MySQL vs. PostgreSQL
Posted: Wed Oct 08, 2008 1:20 pm
As much as it pains me here, I really must ask this question. I'm looking for experienced answers from people in the know, who can back up their stuff with facts. I'd like to ask the moderators here to help me control this from being a trollfest, because I can see it easily becoming one and I do not wish it to be so. I'm going to try and be as academic as possible here.
First and foremost, I love both MySQL and PostgreSQL. I have equal experience on both for several years, although I'm certain many of you smart guys out there know more than me, so please do share.
So here's the issue. I'm starting on a job search site for a niche job market in the UK. We need to determine the best database type for the project, using Linux and free stuff. As you might expect, it will have hundreds of people simultaneously updating CVs and doing job searches on it, so we'll get a healthy dose of both reads and writes, and perhaps more reads than writes most of the time.
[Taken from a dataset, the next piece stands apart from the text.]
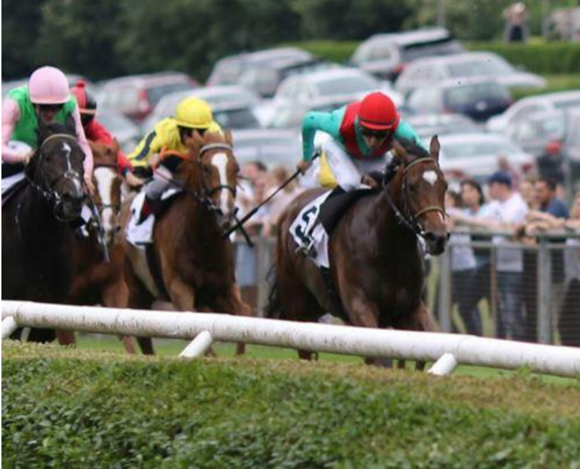
Go Rose temporarily surges to narrow lead in the final furlong.

Go Rose, making only the third start of her career, once again showed a remarkable brand of courage when gamely missing second on a head bob in the Classic, Group 2 German 1000 Guineas to the same filly in Malakeh that beat her a head for the Listed win in her debut at 3. The replay is here .

We're in the discussions to talk about whether to use MySQL or PostgreSQL on our dedicated server. I hope I have my facts straight, so here's what I'm going to say on this debate:
- PostgreSQL supports row-level locking on its tables, and it's been the default since many years ago. I started with PostgreSQL back in 2002, I believe, and I know that at least then it had row-level locking. MySQL, however, uses MyISAM tables by default, which do not support anything but table-level locking. Now, they introduced InnoDB around, say, 2004?, and it supports row-level locking, but not without its disadvantages. Foremost, InnoDB does not support full-text search. So, one has to either use an add-on called Phoenix (not easily installed with most web hosting providers, or even an option with them), or create a mix of tables of both InnoDB and MyISAM so that you can get the advantages of each when you need them. By default it's probably better to make all tables in InnoDB mode when you start a project, and then to think about what columns need to move into MyISAM tables, linked by a foreign key.
- If you use table-level locking with MySQL, in other words MyISAM, you're looking at the question of what happens when the server crashes for any reason. With row-level locking, you stand to lose a lesser amount of transactions than, say, queued up transactions that were waiting to get their table-level lock with MyISAM. I also thought I read, but have not confirmed, that when a MyISAM database is running down a list of table-locked transactions and is stopped suddenly when a server is powered off, it does not run failed transactions on boot. However, with PostgreSQL, it does run failed transactions at boot, and, at most, you might lose a far lesser amount of transactions than MySQL.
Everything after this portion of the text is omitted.